All proceeds will go to The Straits Times School Pocket Money Fund (SPMF), which helps children from low-income families. Flavours include Masala Teh Tarik, Dragon Fruit Sorbetto and a special flavour created for The Straits Times - white chocolate with raspberry and blue sprinkles, to reflect the colours of the newspaper.
The flavours were created by celebrity chefs such as Bread Street Kitchen's Gordon Ramsay, who came up with mint chip ice cream, CUT's Wolfgang Puck, who created a gula melaka-flavoured ice cream, and Waku Ghin's Tetsuya Wakuda, who created a coconut with white miso ice cream.
Shoppers can buy a single scoop for $4.50, a double scoop for $8 or a triple scoop for $12. The pop-up gelato station is at Basement 2 of The Shoppes Canal Level, outside Cold Storage, until Aug 9.
The Scoops of Hope initiative is one of more than 25 community outreach activities that MBS is rolling out as part of its Sands for Singapore Charity Festival. The 10-day festival aims to raise funds for over 80 charities, benefiting more than 300,000 underprivileged Singaporeans.

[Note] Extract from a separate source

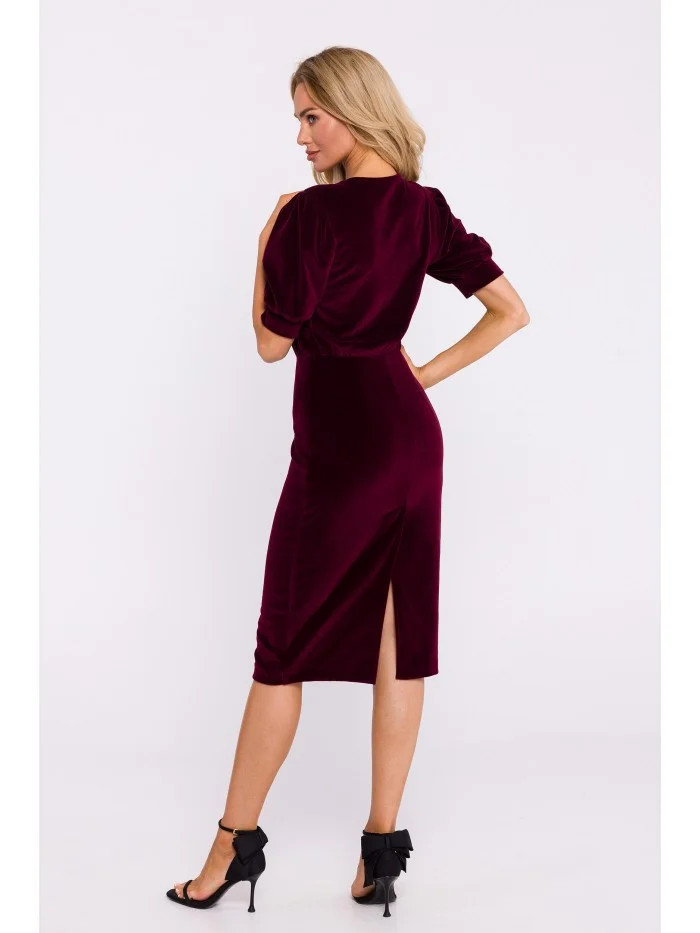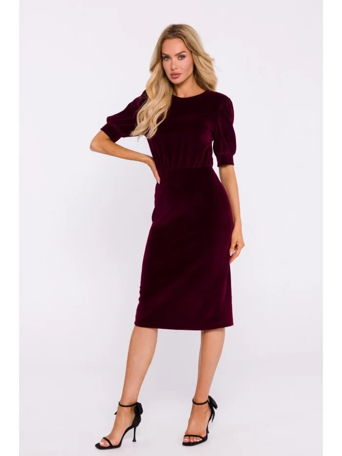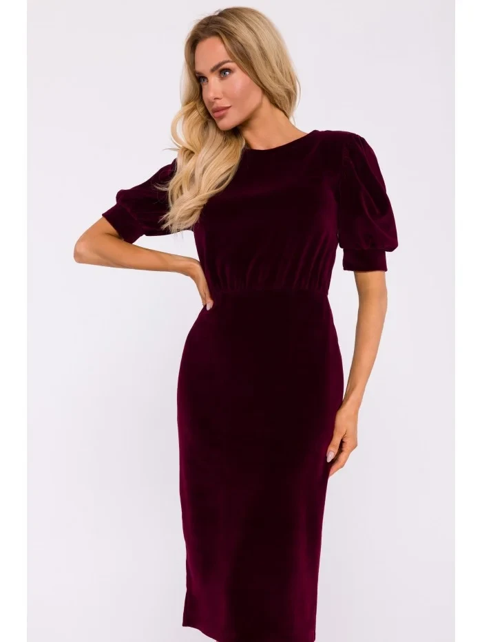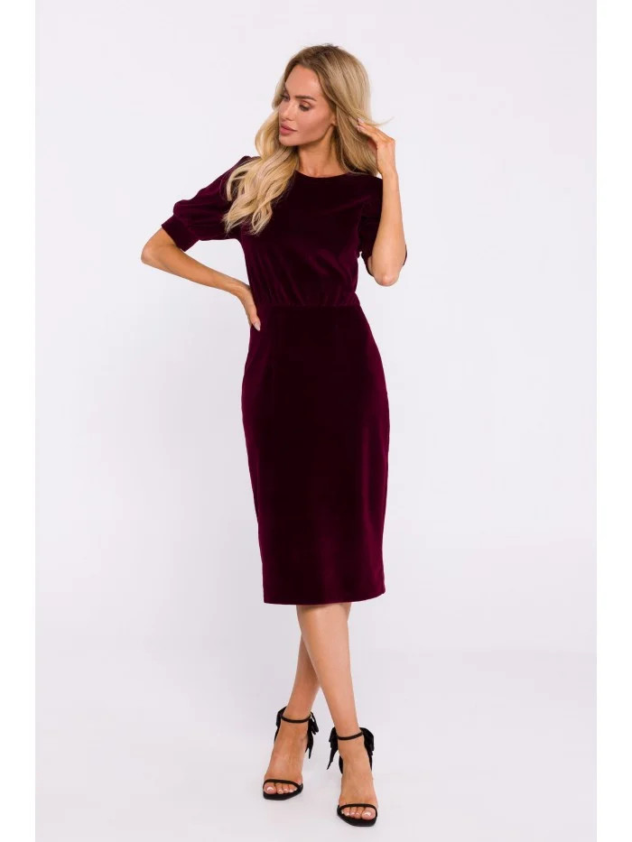 M827 Sametové pouzdrové šaty - bordó

Yesterday, Marina Bay Sands chief executive George Tanasijevich, Straits Times editor Warren Fernandez and MBS executive chef Christopher Christie gave out ice cream to 30 SPMF beneficiaries, to kick-start the festival. A charity race, where 25 teams battle to finish a series of tasks at the IR, will take place on Sunday. The top team will win $50,000 for a local charity of its choice.